Eryk Rocha relembra momento de vanguarda do cinema brasileiro

Chega uma hora em que é preciso botar ordem na casa. É um pouco isso o que fez Eryk Rocha com "Cinema Novo": era preciso lembrar-nos de um momento em que o cinema brasileiro esteve na vanguarda estética e tecnológica; em que exerceu influência sobre as artes de boa parte do mundo.

Começando pelas ideias: como todo movimento (cinematográfico ou não), o cinema novo representa um momento de convergência entre vários jovens interessados em cinema. Pretendiam servir-se dos novos equipamentos leves para mostrar o Brasil real a partir de um olhar que não dependesse do modo clássico de fazer filmes (em estúdio etc.). Esse olhar era ligado às ideias de esquerda da época (virada dos anos 1950 e 1960): havia do comunista clássico (Leon Hirszman) ao muito heterodoxo Glauber.

Cena de “Deus e o Diabo na Terra do Sol” (1964), de Glauber Rocha, reproduzida no novo longa
Cena de “Deus e o Diabo na Terra do Sol” (1964), de Glauber Rocha, reproduzida no novo longa - Divulgação

Nisso foi fundamental o olhar novo sobre o modo de produção. Pode-se resumi-lo pela ideia de que um país pobre só pode produzir um cinema pobre. Daí o recurso frequente à luz natural, à câmera na mão. Fenômenos que, de resto, facilitaram a aproximação entre documental e ficcional.

Desde as primeiras imagens (personagens sempre correndo) percebe-se o sentido de urgência desses filmes. Como se a vida brasileira fosse uma eterna corrida por objetivos inalcançáveis. Pouco depois visitamos os precursores: Humberto Mauro (sobretudo) e Mario Peixoto (aliás, nunca reconhecido assim pelo cinema novo).

E, por fim, a figura magistral de Nelson Pereira dos Santos: aquele que destoou de tudo que se fazia no Brasil no começo dos anos 1950 e praticou um cinema abertamente marcado pelo neo-realismo e pelo prazer de filmar nas ruas, fora dos estúdios.

A ênfase do documentário é, quase sempre, nas imagens, não raro muito fortes. E, entre os personagens, não é de espantar o destaque a Glauber Rocha: é ele o mais original, explosivo e talentoso cineasta brasileiro de todos os tempos (e talvez o único a influenciar o cinema mundial até hoje).
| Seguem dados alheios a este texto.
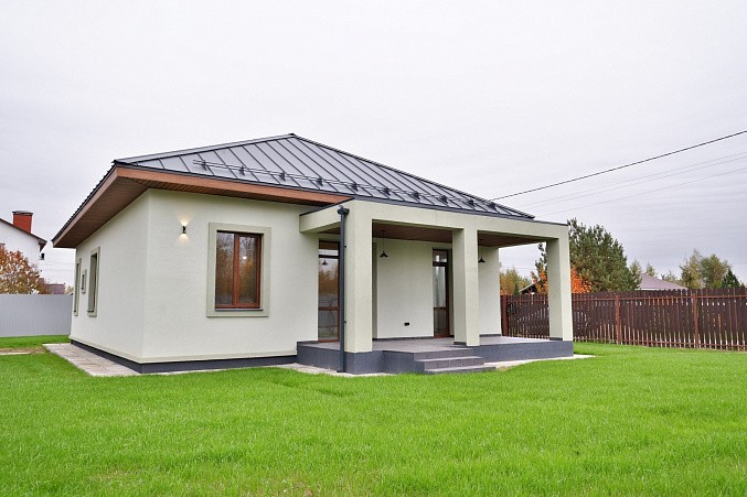 Дом построен на монолитной плите. Стены из пеноблока 400 мм + штукатурка Ceresit. Установлены энергосберегающие окна. Красивая фальцевая кровля.
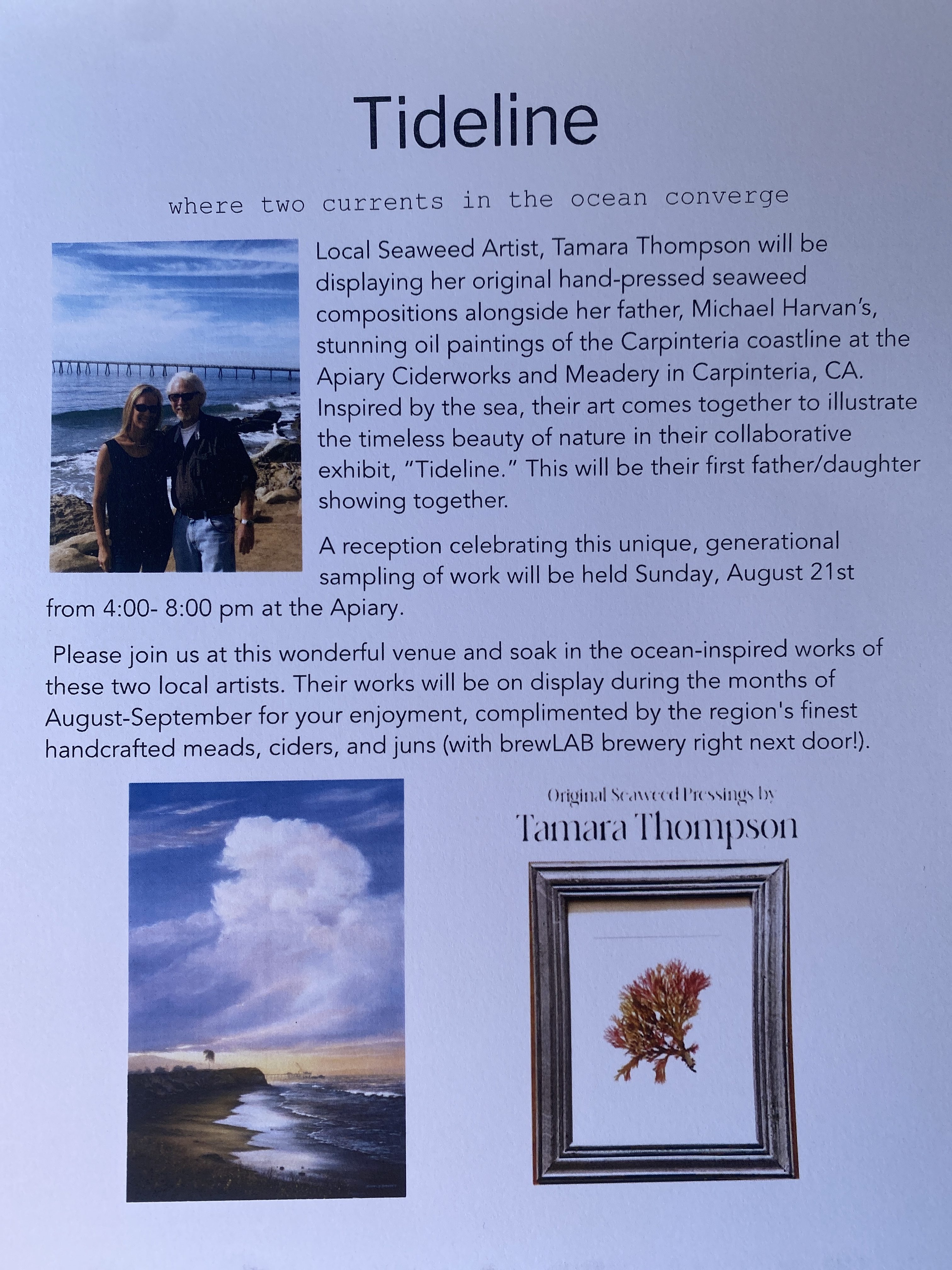 Please join local artists Tamara Thompson and father Michael Harvan for a free reception of their art show at Apiary Ciderworks and Meadery in Carpinteria!

O ponto polêmico do filme é, justamente, aquele em que Eryk foi mais pessoal: a incorporação ao movimento de nomes hostilizados à época pelos cineastas do núcleo central, como Walter Hugo Khouri e Luís Sérgio Person. Uma opção polêmica, como a lembrar que a história do cinema brasileiro ainda está por ser reescrita.